Jay, what is this that I see in your second pic. :thumbup: 

And good job with the collage Radio. My pics are in my sig if you want them.


----------



## Nostrodomas (Jun 15, 2002)

oh oh oh me me me............ I have 2 of them. 
Look in the sig........lol


----------



## Radioaktiv (Feb 12, 2004)

Nostrodomas said:


> oh oh oh me me me............ I have 2 of them.
> Look in the sig........lol


you need to make one you PS pimp

thats what i was hoping someone would do


----------



## Nostrodomas (Jun 15, 2002)

Damnitt your avatar, its driving me nuts. I know I have seen that a billion time but just cant remember where.


----------



## pete? (Jul 6, 2004)

Nostrodomas said:


> Damnitt your avatar, its driving me nuts. I know I have seen that a billion time but just cant remember where.
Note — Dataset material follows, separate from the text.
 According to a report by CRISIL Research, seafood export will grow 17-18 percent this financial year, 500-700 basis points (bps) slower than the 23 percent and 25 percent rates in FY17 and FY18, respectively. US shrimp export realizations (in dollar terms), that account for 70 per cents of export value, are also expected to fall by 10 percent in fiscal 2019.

looks like an album cover............eagals maybe?


----------



## OmegaManEX (Oct 4, 2002)

Nostrodomas said:


> Damnitt your avatar, its driving me nuts. I know I have seen that a billion time but just cant remember where.



















:thumbup:


----------



## pete? (Jul 6, 2004)

well aint that somethin...........i dont remember that game, but then as a child i never really went to the arcade


----------



## Gimp (Jun 9, 2002)

Hey guys....back on topic please!


----------



## pete? (Jul 6, 2004)

woops sorry :cheers: 

..ontopic> so where are all the other ones people said they were making?


----------



## B14_Stealth (Aug 14, 2003)

1.6pete said:


> looks like an album cover............eagals maybe?


 lol


----------



## Nostrodomas (Jun 15, 2002)

The last starfighter. Now that was a good movie, and a pretty damn good game as well...lol sorry bout off topic.


----------



## B14_Stealth (Aug 14, 2003)

lol, the movie sucked A$$


----------



## pete? (Jul 6, 2004)

B14_Stealth said:


> lol


shut up! lol..................tims gona have your ass fo ot!

how is it comin radio?


----------



## Gimp (Jun 9, 2002)

Sorry guys, since you can't seem to stay on the topic of the thread......CLOSED!!!!


----------